Copy verbatim the material from its first line to the line that holds "8月14日,管理人鹏华资产发", including that line.
DATA TO EXAMINE START
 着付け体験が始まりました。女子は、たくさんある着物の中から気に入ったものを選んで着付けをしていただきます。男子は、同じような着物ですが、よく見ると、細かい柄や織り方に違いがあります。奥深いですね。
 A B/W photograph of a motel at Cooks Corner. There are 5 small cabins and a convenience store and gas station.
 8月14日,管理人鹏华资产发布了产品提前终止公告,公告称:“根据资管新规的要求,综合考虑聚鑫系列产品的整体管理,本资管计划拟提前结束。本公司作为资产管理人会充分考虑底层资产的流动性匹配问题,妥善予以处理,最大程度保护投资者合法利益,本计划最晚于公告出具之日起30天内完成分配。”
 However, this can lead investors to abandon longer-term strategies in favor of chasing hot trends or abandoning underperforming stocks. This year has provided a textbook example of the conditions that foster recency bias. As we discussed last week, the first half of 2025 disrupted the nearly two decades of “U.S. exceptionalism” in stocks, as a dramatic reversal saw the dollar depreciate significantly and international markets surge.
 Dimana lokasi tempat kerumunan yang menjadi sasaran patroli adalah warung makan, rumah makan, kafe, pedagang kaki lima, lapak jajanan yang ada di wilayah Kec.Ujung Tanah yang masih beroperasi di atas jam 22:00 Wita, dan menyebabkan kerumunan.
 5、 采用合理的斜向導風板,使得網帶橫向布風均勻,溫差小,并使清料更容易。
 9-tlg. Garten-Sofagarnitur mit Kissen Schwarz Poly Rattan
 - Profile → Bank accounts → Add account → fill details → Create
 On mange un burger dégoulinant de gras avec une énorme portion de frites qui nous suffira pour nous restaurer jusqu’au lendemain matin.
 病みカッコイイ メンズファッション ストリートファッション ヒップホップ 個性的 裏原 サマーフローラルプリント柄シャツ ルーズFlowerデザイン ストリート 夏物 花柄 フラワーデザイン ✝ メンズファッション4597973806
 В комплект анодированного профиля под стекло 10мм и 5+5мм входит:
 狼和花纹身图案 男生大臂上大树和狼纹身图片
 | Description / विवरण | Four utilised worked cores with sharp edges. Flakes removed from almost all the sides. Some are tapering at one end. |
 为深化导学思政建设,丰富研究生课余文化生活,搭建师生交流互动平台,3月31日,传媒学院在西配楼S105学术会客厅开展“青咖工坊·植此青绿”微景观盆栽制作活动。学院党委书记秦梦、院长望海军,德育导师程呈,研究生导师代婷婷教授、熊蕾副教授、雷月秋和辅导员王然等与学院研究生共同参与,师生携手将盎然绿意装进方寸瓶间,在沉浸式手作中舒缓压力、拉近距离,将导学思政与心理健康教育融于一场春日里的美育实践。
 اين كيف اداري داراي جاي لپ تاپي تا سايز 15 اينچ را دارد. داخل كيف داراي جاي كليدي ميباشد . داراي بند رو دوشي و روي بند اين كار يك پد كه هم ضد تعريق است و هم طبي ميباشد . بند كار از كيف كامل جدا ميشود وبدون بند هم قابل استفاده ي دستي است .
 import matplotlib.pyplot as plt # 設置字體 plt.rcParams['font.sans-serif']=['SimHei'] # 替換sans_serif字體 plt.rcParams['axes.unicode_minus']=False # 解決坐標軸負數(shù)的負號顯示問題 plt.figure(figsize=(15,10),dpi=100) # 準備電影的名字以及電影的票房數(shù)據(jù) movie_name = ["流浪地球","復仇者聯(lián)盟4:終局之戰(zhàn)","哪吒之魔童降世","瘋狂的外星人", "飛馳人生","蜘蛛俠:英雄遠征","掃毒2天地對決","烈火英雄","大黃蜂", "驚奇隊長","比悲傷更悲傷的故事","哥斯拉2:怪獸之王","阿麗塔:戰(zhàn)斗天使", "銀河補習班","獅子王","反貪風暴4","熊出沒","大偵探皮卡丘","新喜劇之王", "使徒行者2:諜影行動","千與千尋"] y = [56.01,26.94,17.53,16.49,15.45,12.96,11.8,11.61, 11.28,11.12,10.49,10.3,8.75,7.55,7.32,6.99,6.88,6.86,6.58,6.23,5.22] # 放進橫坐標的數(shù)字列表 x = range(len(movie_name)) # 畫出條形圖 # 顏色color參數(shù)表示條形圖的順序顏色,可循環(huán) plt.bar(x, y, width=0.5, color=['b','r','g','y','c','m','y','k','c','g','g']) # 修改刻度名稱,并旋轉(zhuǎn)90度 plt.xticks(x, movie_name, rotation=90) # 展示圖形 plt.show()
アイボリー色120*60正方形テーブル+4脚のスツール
DATA TO EXAMINE END
▶ [SOLUTION FOR THIS PROBLEM]
 着付け体験が始まりました。女子は、たくさんある着物の中から気に入ったものを選んで着付けをしていただきます。男子は、同じような着物ですが、よく見ると、細かい柄や織り方に違いがあります。奥深いですね。
 A B/W photograph of a motel at Cooks Corner. There are 5 small cabins and a convenience store and gas station.
 8月14日,管理人鹏华资产发布了产品提前终止公告,公告称:“根据资管新规的要求,综合考虑聚鑫系列产品的整体管理,本资管计划拟提前结束。本公司作为资产管理人会充分考虑底层资产的流动性匹配问题,妥善予以处理,最大程度保护投资者合法利益,本计划最晚于公告出具之日起30天内完成分配。”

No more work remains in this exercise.